Constructing a pivot-based confidence interval

Question

So I've been working on a problem in my probability class on which I have become stuck. It involves X1 X2 ... Xn ~ Poisson(lambda)

1 - We were instructed to show that X_bar was sufficient.

Sol'n: I did this using factorization, and by finding T(x) = Sum(x_i)/n, which came from the exponent position above my lambda from the likelihood/pdf. It could've also been achieved via the exponential family method.

2 - We were then instructed to show that X_bar^2 is approximately normal with mean \lambda^2 and a variance depending on \lambda

Sol'n: This was achieved using the central limit theorem and the delta method, which ended up giving me N(0, 4*lambda^3)

In step 3, however, we are asked "to display an approximate pivot based on the result in part #2, and then produce a 95% confidence interval for lambda^2"

We were given a hint, namely that

sqrt(n)(x_bar^2 - lambda^2) / sqrt (lambda * 4 lambda^2) ~ N(0,1)

I have, up until this point, no concept of what to do with a pivot or with this given info...I am looking for a number of degrees of freedom for a poisson table, which I think is wrong, but I've clearly got an issue with understanding what is being asked of me.
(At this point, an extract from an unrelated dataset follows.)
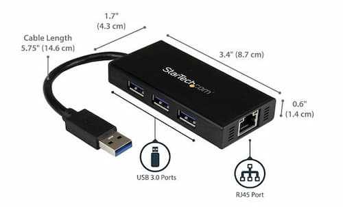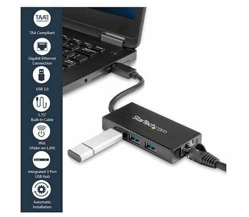 Home Networking USB Hubs StarTech.com ST3300GU3B USB 3.0 Hub With Gigabit Ethernet Adapter

If anyone could give me a nudge in the right direction, I'd be really grateful.

Answer 1

As opposed to a statistic, a pivotal statistic (or pivotal quantity) can depend on both the sample and parameters, but its distribution does not depend on any parameters. A good example is the standardized mean from a normal distribution:

$\frac{\sqrt n(\bar{X}-\mu)}{\sigma} \sim N(0,1)$

This quantity depends on the sample and parameters, but its distribution does not depend on parameters so it is a pivotal quantity. When you are asked to construct a CI based on pivotal quantity, just use the critical values of the distribution of the pivotal quantity. So for the example I just gave (and using the approximate critical values for the standard normal), the 95% CI based on the pivotal quantity is:

$-2\leq\frac{\sqrt n(\bar{X}-\mu)}{\sigma}\leq2$

In your example, you just need to construct this interval based on the approximate distribution of the pivotal quantity and then solve for $\lambda^2$